Themes in Animal Diversity

Explain the themes that we see in examining animal diversity. Find and photograph examples of animals and describe their feeding and locomotory techniques.

Animals are defined by the way they interact with their food. All animals are heterotrophic, meaning they must acquire energy from outside sources because they cannot make it themselves. These outside sources are numerous and unique, so animal diversification is driven by the many ways in which this process can be accomplished. Some animals are filter feeders (capturing floating particles), deposit feeders (ingesting organic matter in or on a substrate), fluid feeders (sucking up liquids), or mass feeders (taking in chunks of food through a mouth).  Animals may be herbivores (plant-eaters), carnivores (feed on other animals), or detritivores (consume dead organic matter).

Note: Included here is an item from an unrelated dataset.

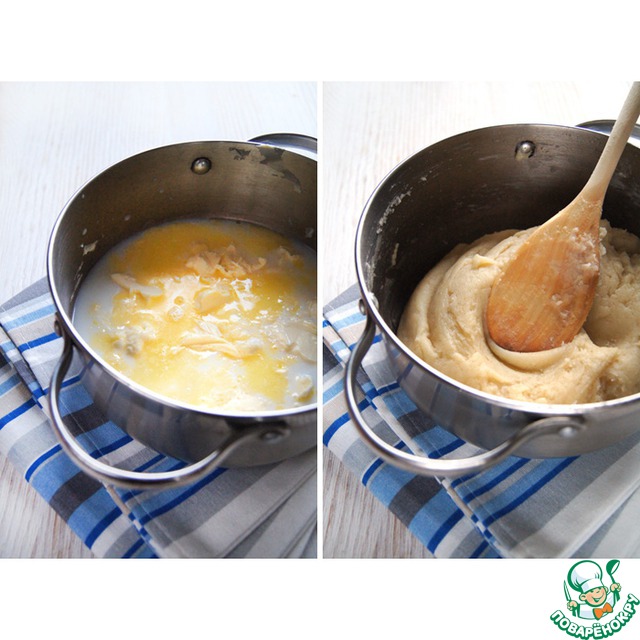 Снять кастрюлю с огня и в один приём добавить 200 г. просеянной муки. Перемешать хорошенько. Нужно, чтобы мука вобрала всю жидкость. После этого кастрюлю вернуть на огонь и постоянно помешивая, подсушить тесто. Пары минут для этого бывает достаточно. В результате такой манипуляции тесто приобретает гладкость и пластичность.
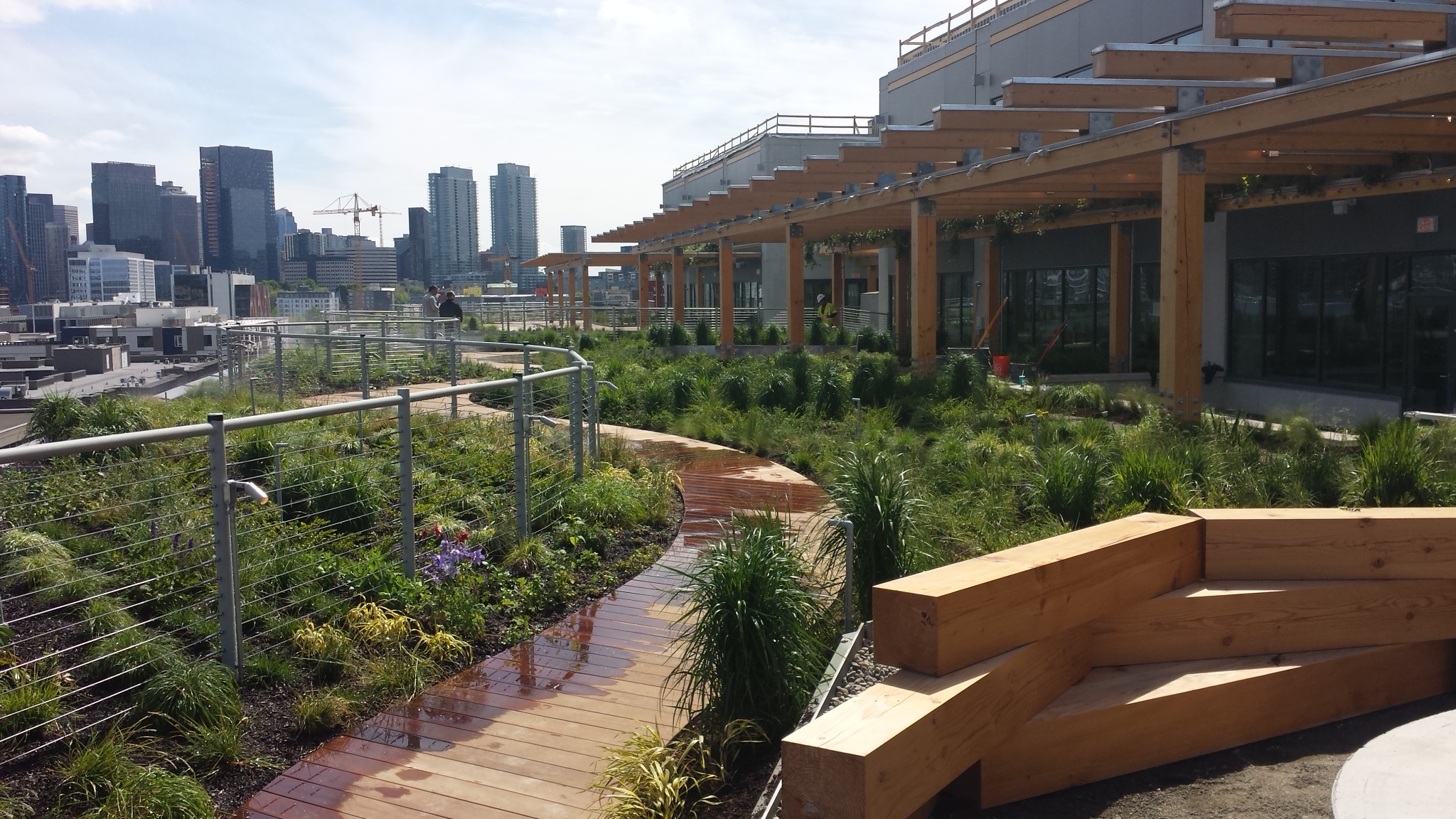 The level 7 roof is a passive space, featuring serpentine boardwalks through beds of native grasses and perennials, a large wooden arbor, fire pit, and beautiful views of the Seattle Skyline. The level 9 roof is a more traditional amenity deck comprised of wood decking and a series of large planters to break up the space.

This heterotrophy defines not only their digestive systems, but also their sensory organs, morphology and patterns or reproduction. Animals vary in the way they sense touch, balance, smell, taste, sound, light, time, magnetism, electricity and pressure. This allows them to locate food sources. Morphologically, animals may have a variety of structures such as cilia, flagella, muscles, and limbs that allow them to move to a food source, capture it and ingest it. Feeding patterns also affects reproduction energy investment and timing.

Blue and Gold Macaws feed on nuts and buds. They move by hopping on their two legs or by flight.

Starfish prey on bivalves. They travel by using their numerous tube feet on their underside.

Snakes eat a variety of small animals. They move using lateral undulation to sliter.